Tag: Local carriers

  • How to secure alternate funding for local carriers, by experts

    How to secure alternate funding for local carriers, by experts

    Experts in the air transport and allied ecosystems have called on policymakers and financial institutions to rethink airline financing emphasising the need for frameworks that reduce risk for local banks while allowing carriers to tap into offshore capital.

    They said if the regulatory and financial structures are not adjusted, Nigerian airlines will continue to be disadvantaged in both domestic and international markets.

    They said while innovative financial instruments exist globally, local regulations and economic volatility restrict Nigerian carriers, affirming that without deliberate intervention, domestic airlines risk stagnation.

    Speaking in separate interviews in Lagos, Chief Executive Officer, TopBrass Aviation , Captain Roland Iyayi , Managing Director and Chief Executive Officer of Fidelity Bank, Dr. Nneka Onyeali-Ikpe and Managing Director of Ibom Air, Mr George Uriesi said if access to funding and cost of operations is not restructured, the air transport industry will face more challenges.
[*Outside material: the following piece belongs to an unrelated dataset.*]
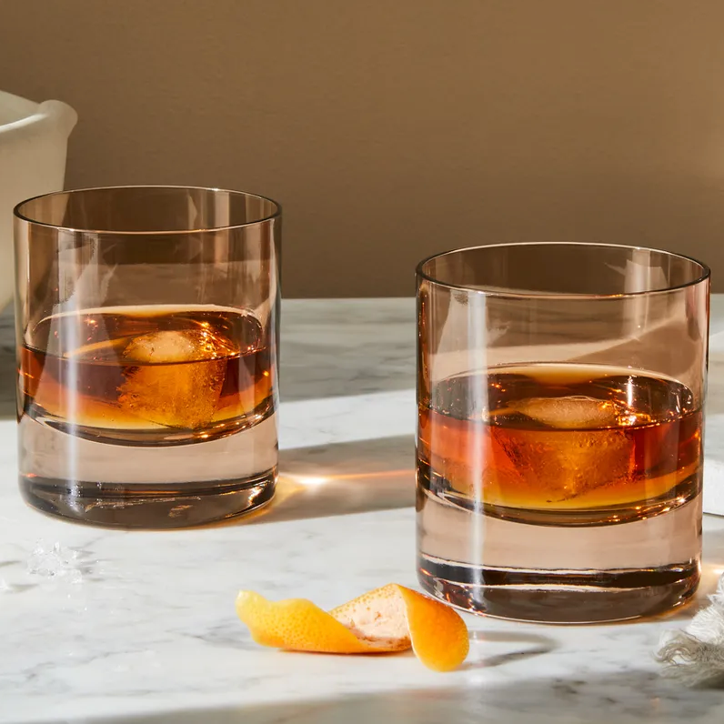 For the cocktail connoisseur, Estelle Colored Glass' selection of hand-blown glassware comes in so many stunning colors, including this pair in sophisticated smokey amber.
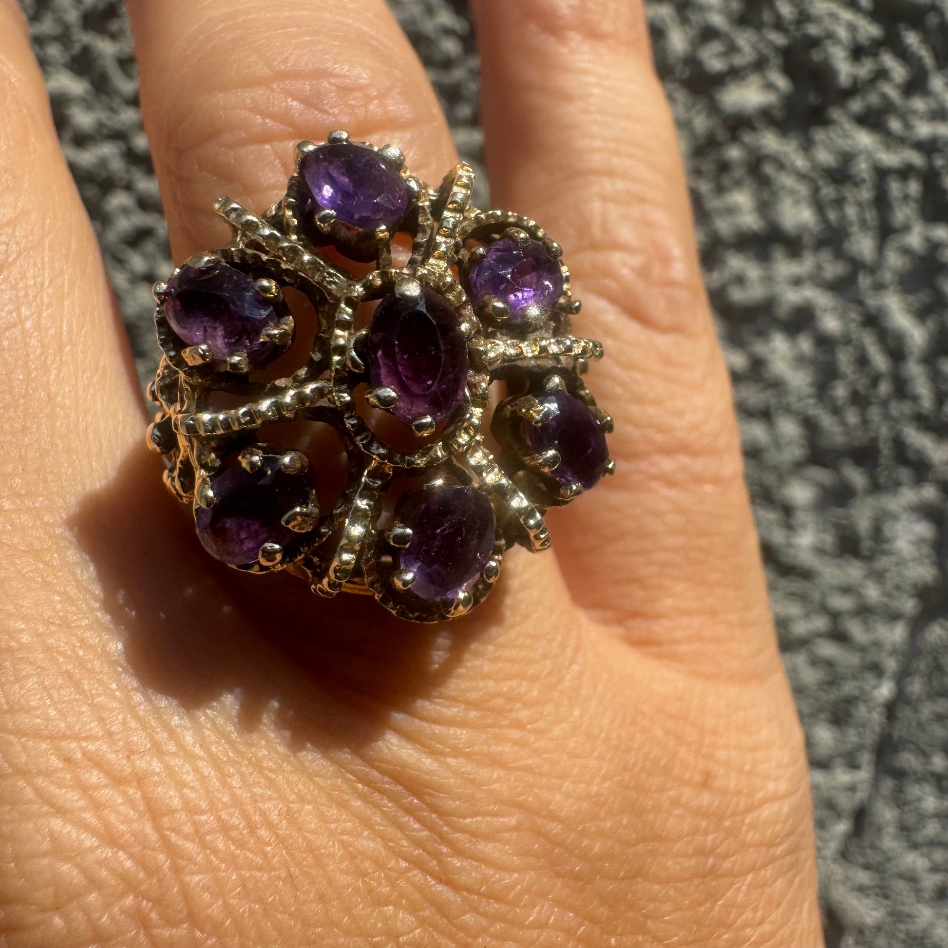 14K yellow gold ring set with deep purple amethysts in an ornate floral design.

    On his part, Iyayi said the long term sustainability and competitiveness of local carriers is threatened because of hurdles bordering on accessing alternative funding.

    He said  Nigeria’s financial and regulatory framework makes offshore financing very challenging, because  such funds require in-country guarantees.

    “When a local airline goes abroad to secure offshore funding using, for instance, a U.S. export bank, which requires in-country guarantees, the local banks must first provide that guarantee.”

    The CEO said  Nigerian banks face regulatory and capacity limitations, as  guarantees exceeding a bank’s obligor limits are sometimes converted into loans by the Central Bank of Nigeria (CBN).

    “What that means essentially is that a local airline now services two loans,” Iyayi explained.

    Iyayi warned that this dual-loan system undermines competitiveness.

    “Imagine having a four-and-a-half per cent interest rate offshore and then being asked to pay another 26 per cent locally. Invariably, the competitive edge is no longer there, and more often than not, the local airline will fail. That’s basically where we are at this point,” he said.

    He stressed that the lack of access to alternate funding affects fleet modernisation, route expansion, and the ability to compete with foreign airlines enjoying easier access to capital.

    According to Iyayi, this alternate funding bottleneck also limits infrastructure investment, reduces operational efficiency, and slows overall sector growth.

    He said :” There is a  need for frameworks that reduce risk for local banks while allowing carriers to tap into offshore capital.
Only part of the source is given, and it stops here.